#### WORK ORDER
Once the pictures are set aside, transcribe each line of the listing exactly.

#### PROVIDED DATA
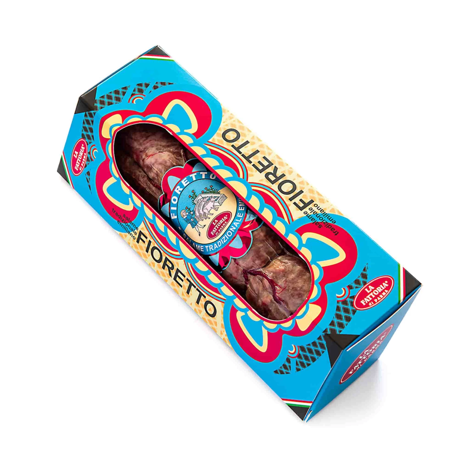 Fioretto salami is native to Emilia-Romagna, a region of northern Italy that is famous for its excellent food and wine. The salami is hand-bound so that the end resembles a flower (fiore in Italian) and is left to cure for no less than 40 days. Fioretto salami is made with top quality pork flavoured with salt, pepper and spices like cinnamon, cloves and nutmeg. The result is a salami that is delicate but well-seasoned, with a light, sweet flavour.
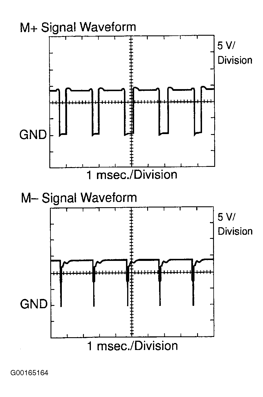 1. Connect the oscilloscope between terminals M+ or M- and E1 of the ECM connectors. Start the engine. Check the waveform between terminals M+ or M- and E1 of the ECM connectors when the engine is idling. The pulse width varies depending on the throttle opening. See Fig 1. If okay, check and replace ECM. If not okay, go to next step.
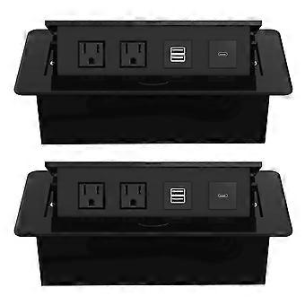 2 Pack Pop Up Power Outlet with PD 30W USB C and USB A, Recessed Power Strip for Table or Countertop
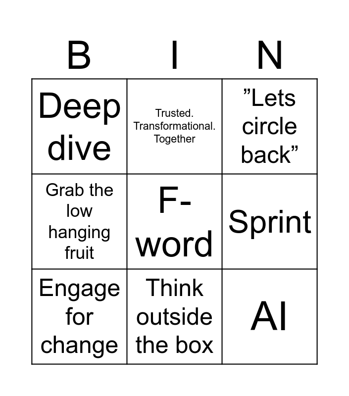 This bingo card has a free space and 8 words: Sprint, ”Lets circle back”, Trusted. Transformational. Together, Engage for change, Deep dive, AI, Grab the low hanging fruit and Think outside the box.

#### RESULT OF THIS EXERCISE
 Fioretto salami is native to Emilia-Romagna, a region of northern Italy that is famous for its excellent food and wine. The salami is hand-bound so that the end resembles a flower (fiore in Italian) and is left to cure for no less than 40 days. Fioretto salami is made with top quality pork flavoured with salt, pepper and spices like cinnamon, cloves and nutmeg. The result is a salami that is delicate but well-seasoned, with a light, sweet flavour.
 1. Connect the oscilloscope between terminals M+ or M- and E1 of the ECM connectors. Start the engine. Check the waveform between terminals M+ or M- and E1 of the ECM connectors when the engine is idling. The pulse width varies depending on the throttle opening. See Fig 1. If okay, check and replace ECM. If not okay, go to next step.
 2 Pack Pop Up Power Outlet with PD 30W USB C and USB A, Recessed Power Strip for Table or Countertop
 This bingo card has a free space and 8 words: Sprint, ”Lets circle back”, Trusted. Transformational. Together, Engage for change, Deep dive, AI, Grab the low hanging fruit and Think outside the box.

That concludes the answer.